• _HOW TO COMPLETE THIS TASK_:
Exact copies of the lines below, from the one with "tabanlı erkek ayakkabı." up to and including the one with "Tang vật thu", are what this calls for; leave out pictures.
§ §
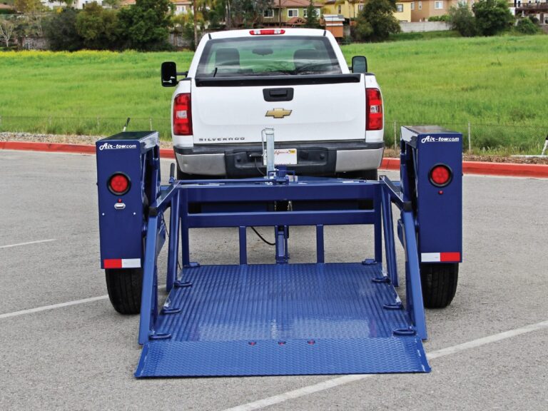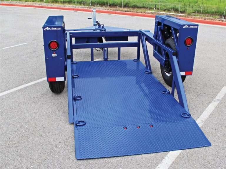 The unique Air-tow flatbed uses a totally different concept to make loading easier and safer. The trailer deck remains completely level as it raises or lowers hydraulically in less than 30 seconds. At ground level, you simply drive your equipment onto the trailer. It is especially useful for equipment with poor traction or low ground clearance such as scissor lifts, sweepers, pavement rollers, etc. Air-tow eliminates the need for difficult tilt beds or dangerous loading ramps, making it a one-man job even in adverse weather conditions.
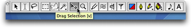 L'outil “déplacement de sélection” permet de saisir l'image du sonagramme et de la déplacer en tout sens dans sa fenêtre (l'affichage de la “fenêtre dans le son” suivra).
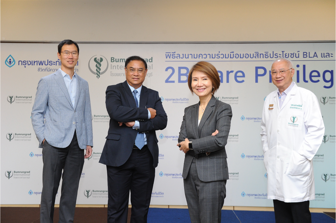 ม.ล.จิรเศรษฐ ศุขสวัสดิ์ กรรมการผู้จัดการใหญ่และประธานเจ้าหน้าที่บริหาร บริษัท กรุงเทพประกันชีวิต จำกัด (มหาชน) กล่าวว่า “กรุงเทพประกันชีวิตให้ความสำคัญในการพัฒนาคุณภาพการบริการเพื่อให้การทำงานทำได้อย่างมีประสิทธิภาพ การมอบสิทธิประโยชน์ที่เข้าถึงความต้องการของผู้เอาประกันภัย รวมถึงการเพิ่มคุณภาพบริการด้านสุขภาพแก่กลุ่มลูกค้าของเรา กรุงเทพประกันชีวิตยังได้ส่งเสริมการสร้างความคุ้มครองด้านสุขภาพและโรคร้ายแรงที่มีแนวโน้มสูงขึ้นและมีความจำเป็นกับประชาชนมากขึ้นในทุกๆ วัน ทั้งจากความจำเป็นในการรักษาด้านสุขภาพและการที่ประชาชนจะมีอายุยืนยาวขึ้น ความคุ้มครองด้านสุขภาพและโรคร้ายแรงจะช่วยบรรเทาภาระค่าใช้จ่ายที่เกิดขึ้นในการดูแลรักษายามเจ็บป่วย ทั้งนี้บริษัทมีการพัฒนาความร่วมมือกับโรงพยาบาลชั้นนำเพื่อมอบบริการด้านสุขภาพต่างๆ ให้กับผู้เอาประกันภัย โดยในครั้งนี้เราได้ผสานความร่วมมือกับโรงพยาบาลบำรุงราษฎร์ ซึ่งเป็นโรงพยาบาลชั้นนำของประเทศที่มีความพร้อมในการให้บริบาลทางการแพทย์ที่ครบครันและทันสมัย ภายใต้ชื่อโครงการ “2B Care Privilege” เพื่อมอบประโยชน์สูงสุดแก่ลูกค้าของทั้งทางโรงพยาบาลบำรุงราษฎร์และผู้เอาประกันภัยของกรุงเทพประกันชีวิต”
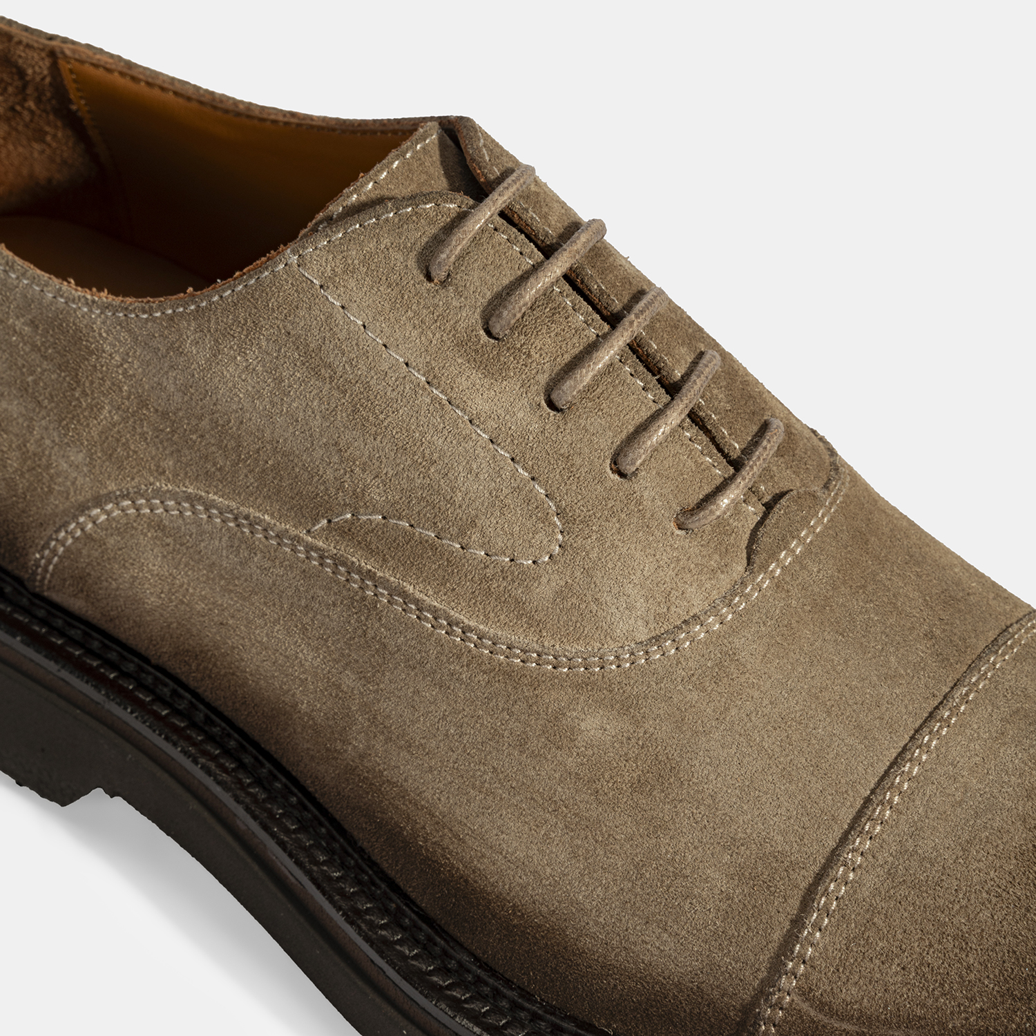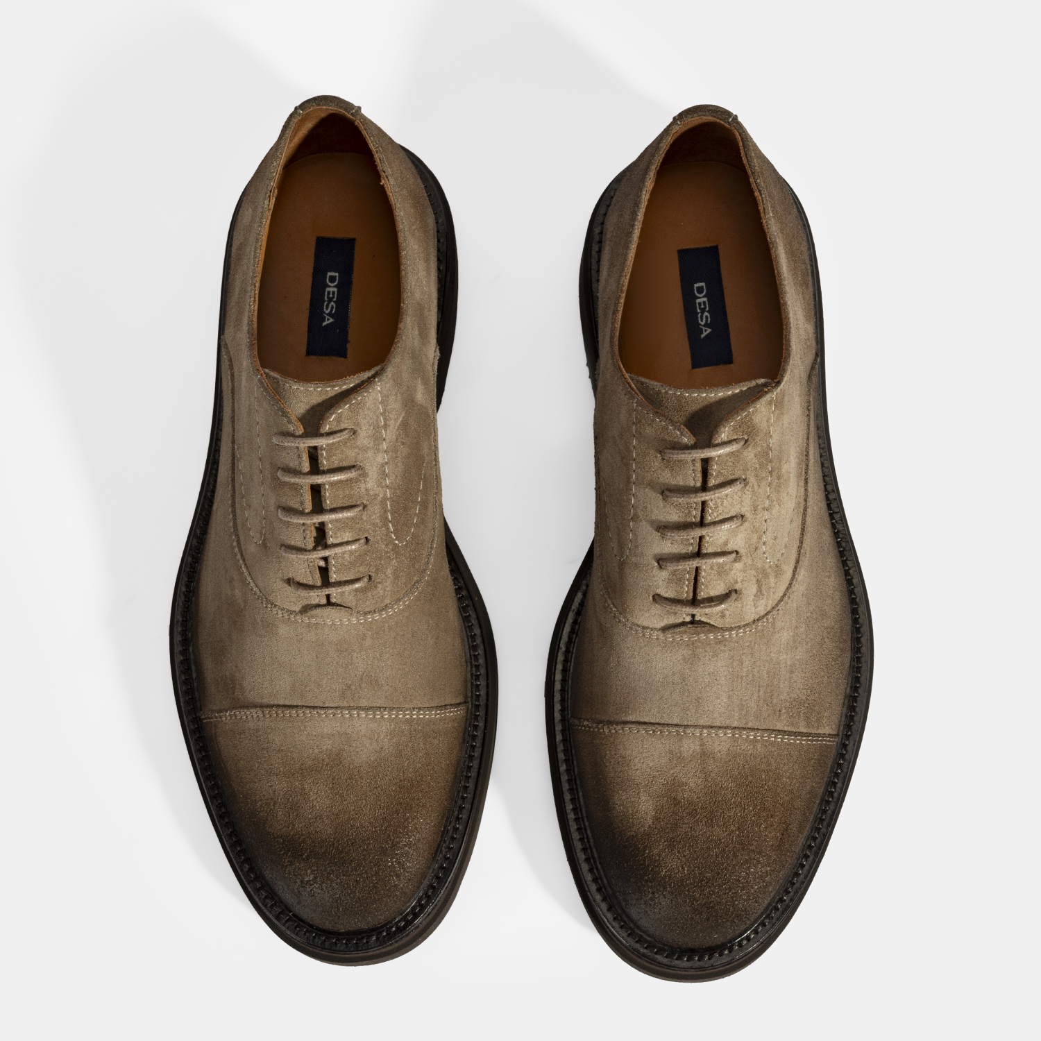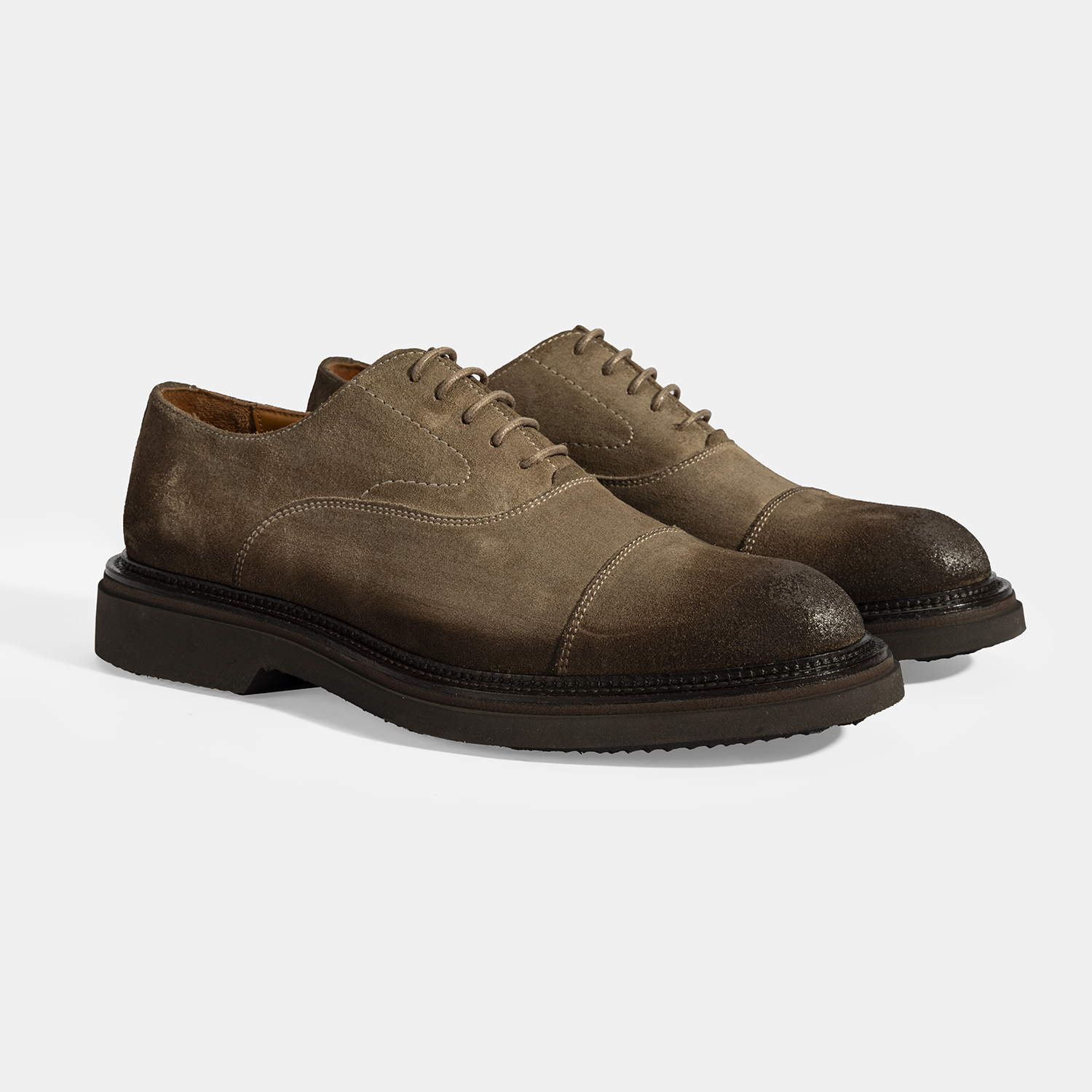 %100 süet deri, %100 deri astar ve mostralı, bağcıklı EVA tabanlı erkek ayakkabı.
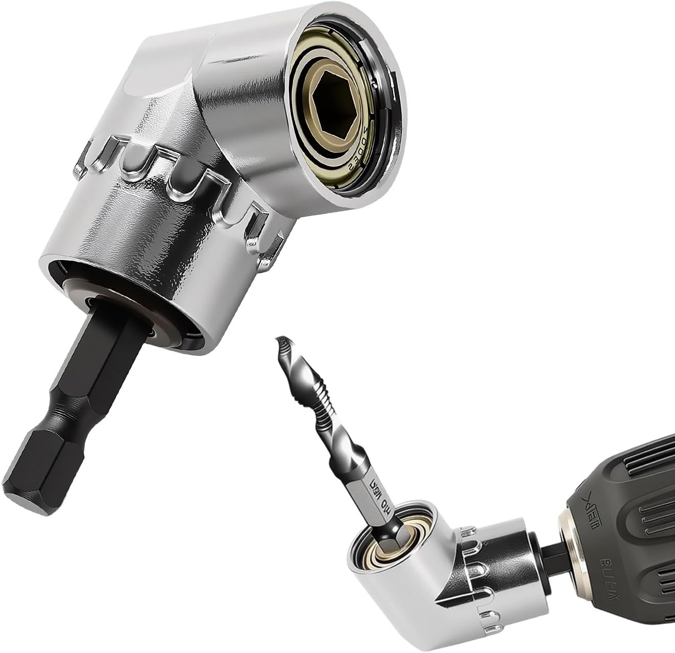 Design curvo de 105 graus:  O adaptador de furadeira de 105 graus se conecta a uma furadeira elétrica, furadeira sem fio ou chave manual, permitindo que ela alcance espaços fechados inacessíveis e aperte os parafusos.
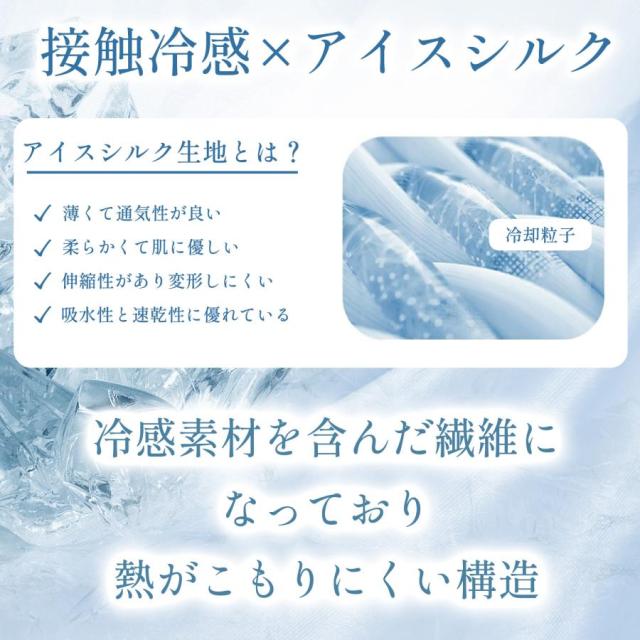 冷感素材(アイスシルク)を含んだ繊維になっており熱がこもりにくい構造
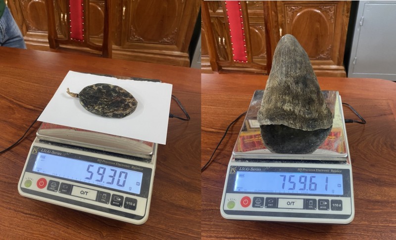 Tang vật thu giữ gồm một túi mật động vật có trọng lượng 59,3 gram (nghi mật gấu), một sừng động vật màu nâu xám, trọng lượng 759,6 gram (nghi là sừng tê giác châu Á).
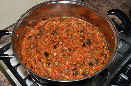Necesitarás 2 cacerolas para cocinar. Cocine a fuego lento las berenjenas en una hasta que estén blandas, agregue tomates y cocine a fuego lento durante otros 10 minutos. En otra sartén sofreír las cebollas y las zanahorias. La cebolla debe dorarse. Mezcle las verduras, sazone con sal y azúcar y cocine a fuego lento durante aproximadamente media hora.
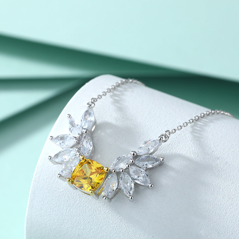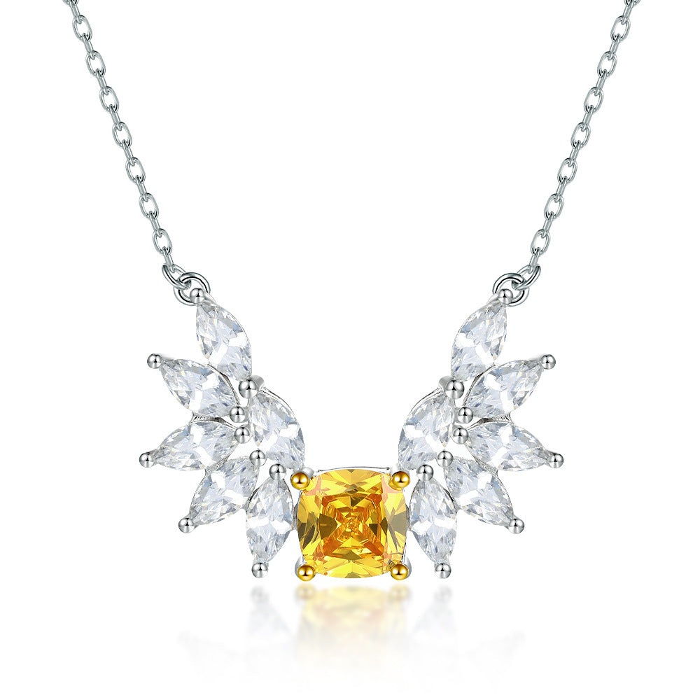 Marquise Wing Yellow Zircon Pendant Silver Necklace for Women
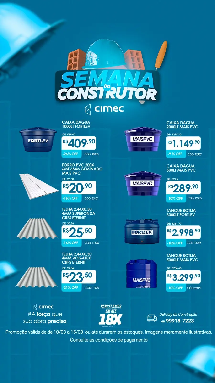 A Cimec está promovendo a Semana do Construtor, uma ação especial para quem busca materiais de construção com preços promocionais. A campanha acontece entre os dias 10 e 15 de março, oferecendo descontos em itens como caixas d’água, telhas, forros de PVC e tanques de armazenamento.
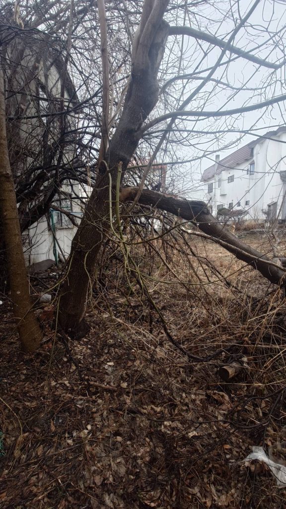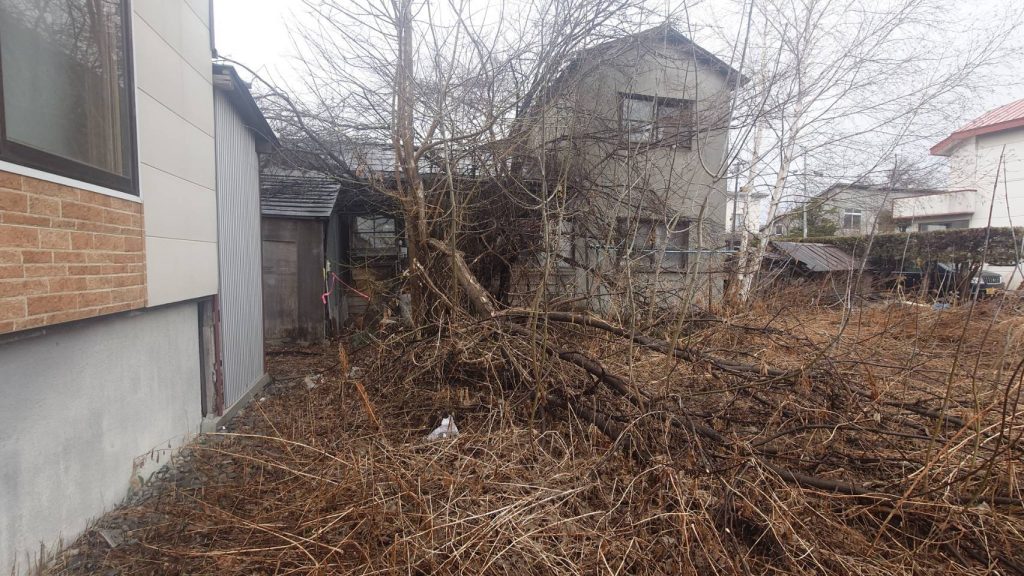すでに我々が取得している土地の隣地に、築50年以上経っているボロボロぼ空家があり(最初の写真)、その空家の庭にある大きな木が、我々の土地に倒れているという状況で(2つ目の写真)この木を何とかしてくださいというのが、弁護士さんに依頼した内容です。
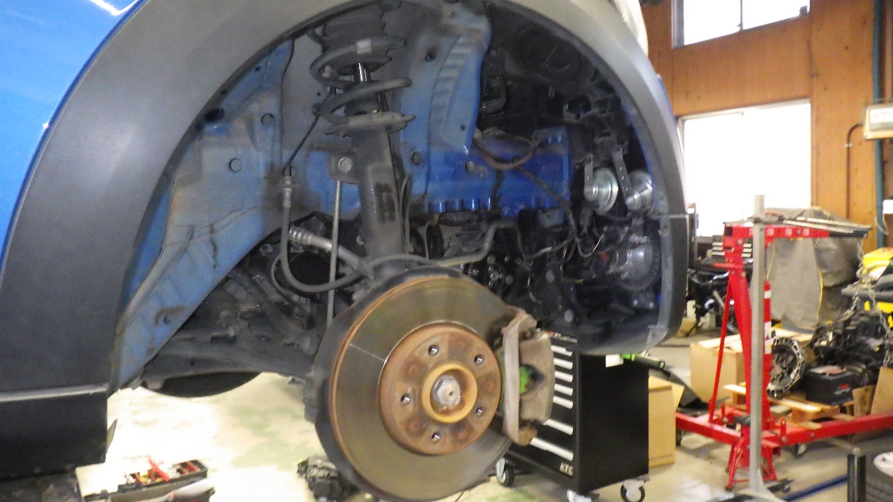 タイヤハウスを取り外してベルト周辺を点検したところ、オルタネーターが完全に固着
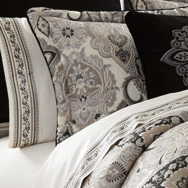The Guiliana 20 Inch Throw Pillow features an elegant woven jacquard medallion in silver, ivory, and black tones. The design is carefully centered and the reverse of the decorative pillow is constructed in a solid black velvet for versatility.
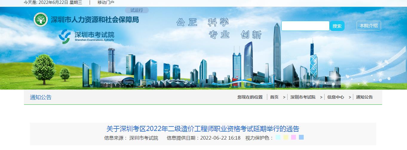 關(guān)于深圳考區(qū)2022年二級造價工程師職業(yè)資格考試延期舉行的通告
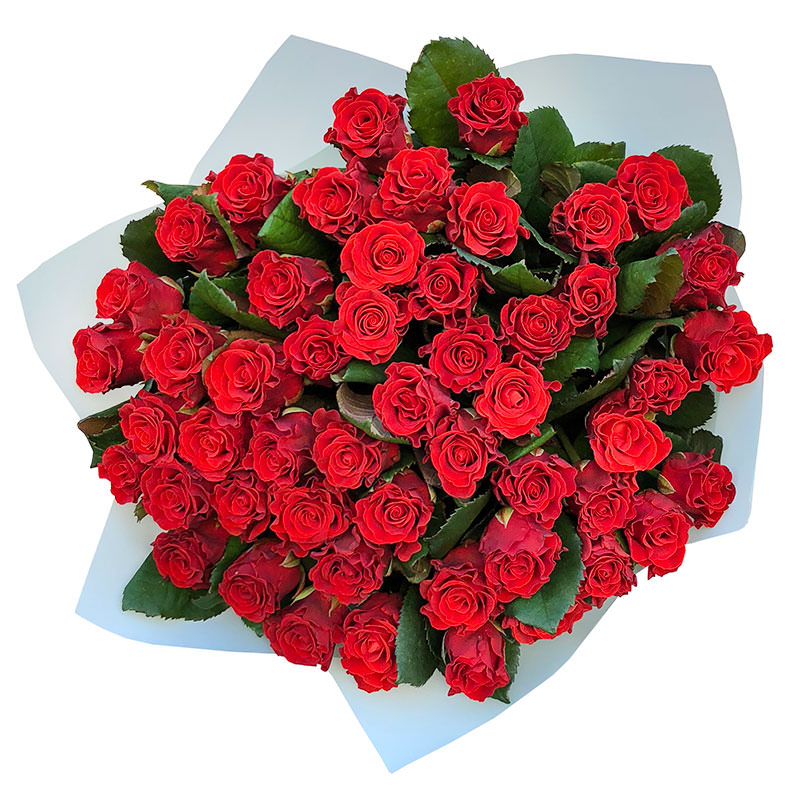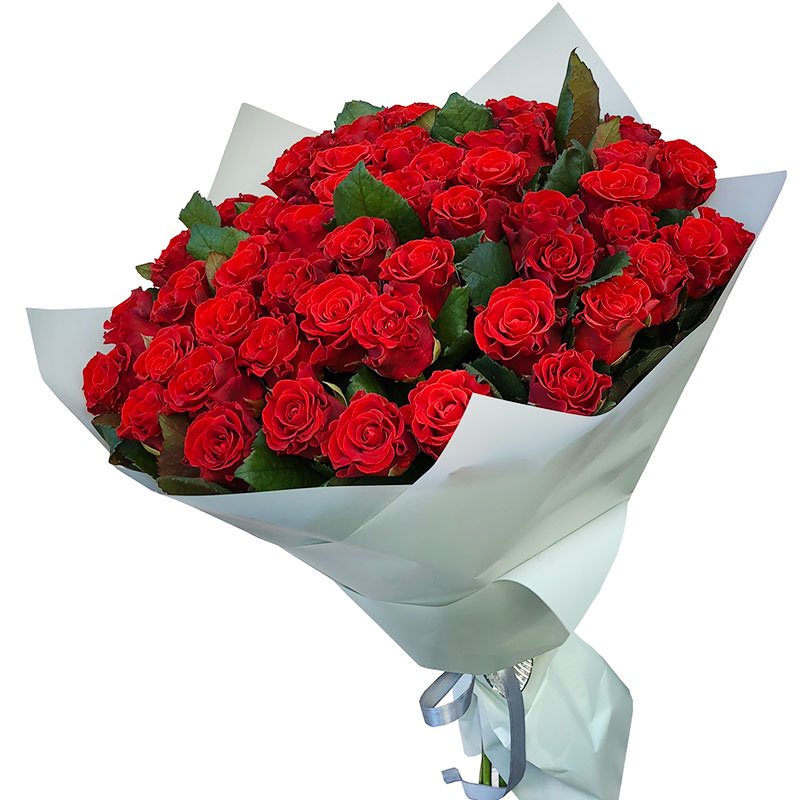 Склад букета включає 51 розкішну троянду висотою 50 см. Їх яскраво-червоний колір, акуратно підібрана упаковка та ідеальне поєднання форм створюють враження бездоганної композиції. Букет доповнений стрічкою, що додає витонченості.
§ §
• _SOLVED EXERCISE_:
 %100 süet deri, %100 deri astar ve mostralı, bağcıklı EVA tabanlı erkek ayakkabı.
 Design curvo de 105 graus:  O adaptador de furadeira de 105 graus se conecta a uma furadeira elétrica, furadeira sem fio ou chave manual, permitindo que ela alcance espaços fechados inacessíveis e aperte os parafusos.
 冷感素材(アイスシルク)を含んだ繊維になっており熱がこもりにくい構造
 Tang vật thu giữ gồm một túi mật động vật có trọng lượng 59,3 gram (nghi mật gấu), một sừng động vật màu nâu xám, trọng lượng 759,6 gram (nghi là sừng tê giác châu Á).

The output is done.